--- Provided material Enclosed Below ---

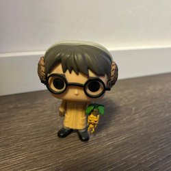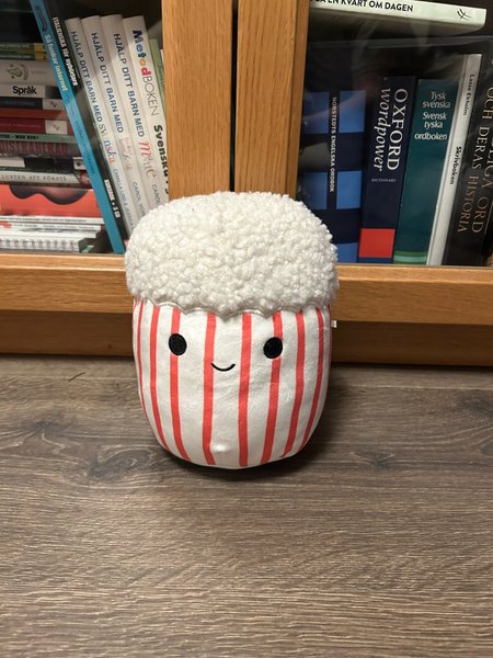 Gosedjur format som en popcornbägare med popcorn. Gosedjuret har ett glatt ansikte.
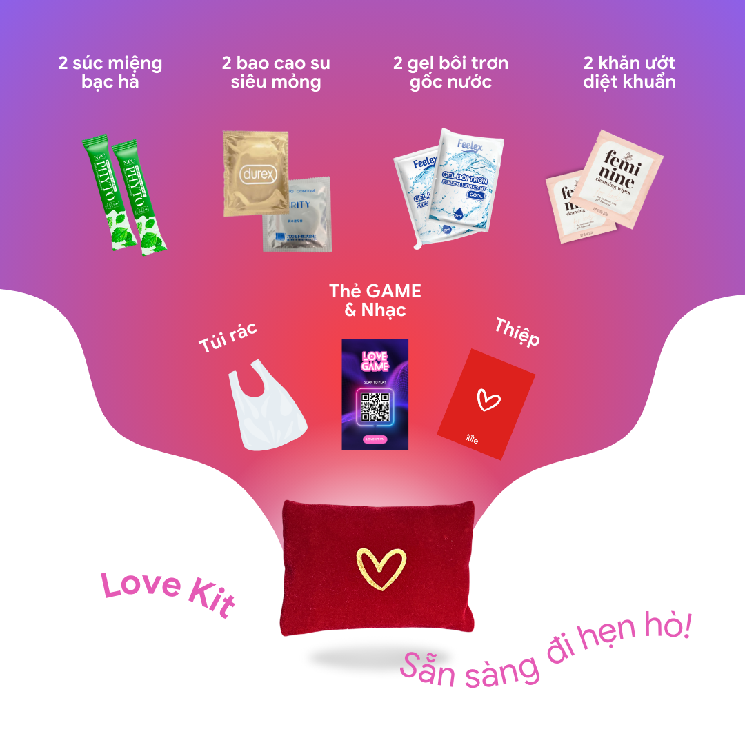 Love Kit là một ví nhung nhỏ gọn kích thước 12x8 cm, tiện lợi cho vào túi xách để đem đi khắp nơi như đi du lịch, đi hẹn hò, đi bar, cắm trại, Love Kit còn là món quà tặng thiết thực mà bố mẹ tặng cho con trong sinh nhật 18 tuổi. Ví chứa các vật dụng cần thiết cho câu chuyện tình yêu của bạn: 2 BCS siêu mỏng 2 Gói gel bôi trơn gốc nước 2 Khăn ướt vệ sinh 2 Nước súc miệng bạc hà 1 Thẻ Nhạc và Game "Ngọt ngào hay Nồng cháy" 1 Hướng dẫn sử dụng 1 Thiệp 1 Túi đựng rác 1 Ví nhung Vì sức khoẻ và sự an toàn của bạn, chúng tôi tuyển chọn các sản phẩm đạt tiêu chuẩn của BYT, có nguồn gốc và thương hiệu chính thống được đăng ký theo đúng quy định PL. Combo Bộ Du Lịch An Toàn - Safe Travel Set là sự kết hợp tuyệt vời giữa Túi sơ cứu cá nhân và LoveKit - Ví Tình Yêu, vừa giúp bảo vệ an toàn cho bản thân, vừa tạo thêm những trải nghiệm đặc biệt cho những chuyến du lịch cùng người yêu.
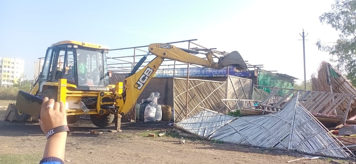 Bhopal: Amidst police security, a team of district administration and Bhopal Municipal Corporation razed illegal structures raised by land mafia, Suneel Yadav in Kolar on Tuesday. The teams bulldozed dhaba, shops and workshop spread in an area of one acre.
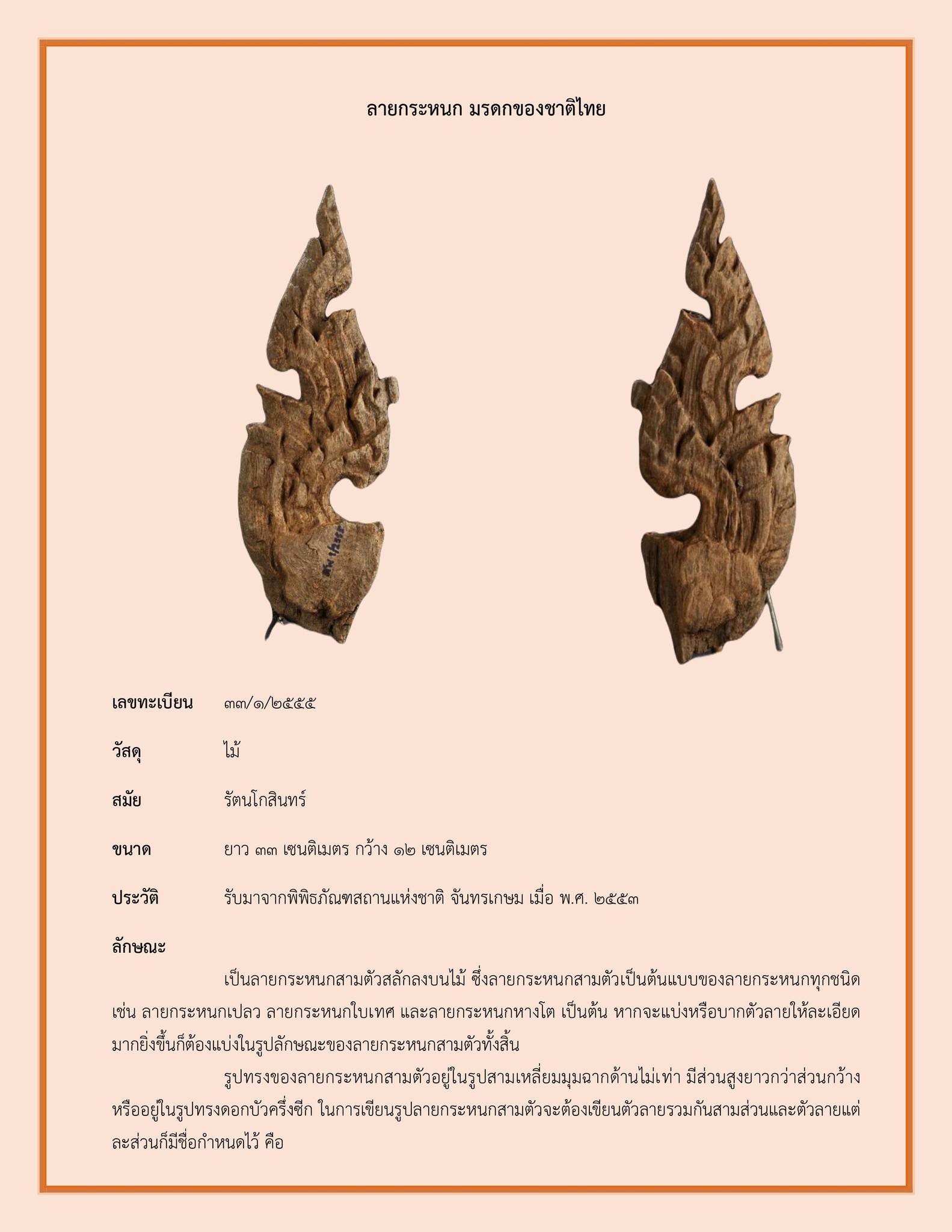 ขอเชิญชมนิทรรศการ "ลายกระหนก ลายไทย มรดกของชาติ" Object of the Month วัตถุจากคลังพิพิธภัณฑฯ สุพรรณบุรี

--- End of Enclosed Provided material ---

Return the listing above verbatim and exclude every picture.

• [Solution to the problem]
 Gosedjur format som en popcornbägare med popcorn. Gosedjuret har ett glatt ansikte.
 Love Kit là một ví nhung nhỏ gọn kích thước 12x8 cm, tiện lợi cho vào túi xách để đem đi khắp nơi như đi du lịch, đi hẹn hò, đi bar, cắm trại, Love Kit còn là món quà tặng thiết thực mà bố mẹ tặng cho con trong sinh nhật 18 tuổi. Ví chứa các vật dụng cần thiết cho câu chuyện tình yêu của bạn: 2 BCS siêu mỏng 2 Gói gel bôi trơn gốc nước 2 Khăn ướt vệ sinh 2 Nước súc miệng bạc hà 1 Thẻ Nhạc và Game "Ngọt ngào hay Nồng cháy" 1 Hướng dẫn sử dụng 1 Thiệp 1 Túi đựng rác 1 Ví nhung Vì sức khoẻ và sự an toàn của bạn, chúng tôi tuyển chọn các sản phẩm đạt tiêu chuẩn của BYT, có nguồn gốc và thương hiệu chính thống được đăng ký theo đúng quy định PL. Combo Bộ Du Lịch An Toàn - Safe Travel Set là sự kết hợp tuyệt vời giữa Túi sơ cứu cá nhân và LoveKit - Ví Tình Yêu, vừa giúp bảo vệ an toàn cho bản thân, vừa tạo thêm những trải nghiệm đặc biệt cho những chuyến du lịch cùng người yêu.
 Bhopal: Amidst police security, a team of district administration and Bhopal Municipal Corporation razed illegal structures raised by land mafia, Suneel Yadav in Kolar on Tuesday. The teams bulldozed dhaba, shops and workshop spread in an area of one acre.
 ขอเชิญชมนิทรรศการ "ลายกระหนก ลายไทย มรดกของชาติ" Object of the Month วัตถุจากคลังพิพิธภัณฑฯ สุพรรณบุรี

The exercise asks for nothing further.